By: Dr. Diana Lim, Concordia University

1.1 Introduction

Introduction

A slamming door, a buzzing bee, a crying baby, a strummed guitar, an overheard conversation: Sound enters our ears as soundwaves, but how are those soundwaves converted into a form that our brains can process? In this activity you will learn about the functional anatomy of the auditory system, from the ears to the cortex.

After completing this activity, you should be able to:

  • List the structures of the ear and their functions.
  • Describe the conversion of sound waves to nerve impulses.
  • Trace the auditory pathway for sound.

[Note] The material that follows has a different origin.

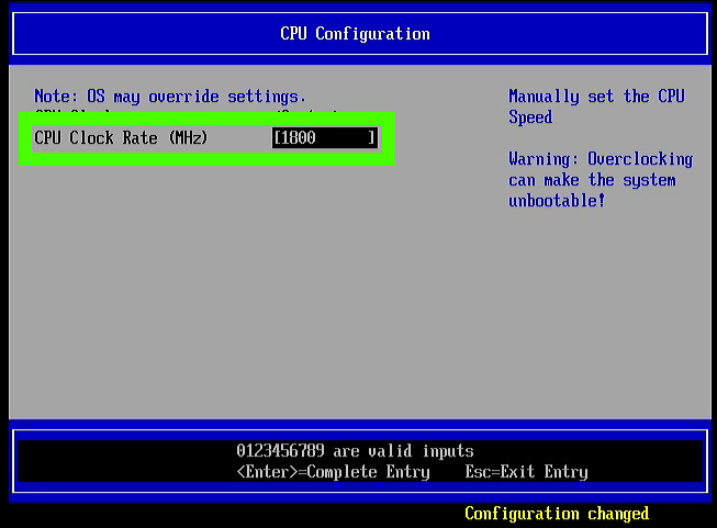 - CPU 클럭을 선택하고 Enter를 눌러 기본값에서 사용자 지정으로 변경하세요. 옵션 목록에는 매력적인 최대 옵션이 제공됩니다. 하지만 CPU를 최대로 올리기 전에 작은 오버클록으로 테스트하는 것이 좋습니다.

This activity relates to the following principles of nervous system function:

  • Principle 6: Brain Systems Are Organized Hierarchically and in Parallel
  • Principle 7: Sensory and Motor Divisions Permeate the Nervous System
  • Principle 9: Brain Functions Are Localized and Distributed

1.2 The Anatomy of the Human Ear

The Anatomy of the Human Ear

The ear collects sound waves from the surrounding air and converts their mechanical energy to electrochemical neural energy, which is then transferred to the brain. The ear can be divided into three regions: the outer ear, middle ear, and inner ear. Let’s learn more about each of these regions.

Cross-section of a human ear including outer, middle and inner ear.

Outer ear
The structures of the outer ear include the pinna, the external ear canal, and the outer side of the eardrum. The outer ear is responsible for collecting sounds and funneling them to the middle ear.

Middle ear
The structures of the middle ear include the inner side of the eardrum, the ossicles, and the oval window. Sound waves are directed from the outer ear to the eardrum, causing it to vibrate. The vibration of the eardrum in turn causes the ossicles to vibrate. As the ossicles vibrate, they convey vibrations to the oval window. The middle ear is therefore responsible for amplifying the signal from the incoming sound waves and passing that on to the inner ear.

Inner ear
The structures of the inner ear include the cochlea, the auditory nerve, and the semicircular canals (although the semicircular canals do not have a role in audition). The vibration of the oval window sends waves through the fluid-filled cochlea. The cochlea contains the auditory receptor cells—the hair cells—and is responsible for transducing (converting) an auditory signal into a neural signal.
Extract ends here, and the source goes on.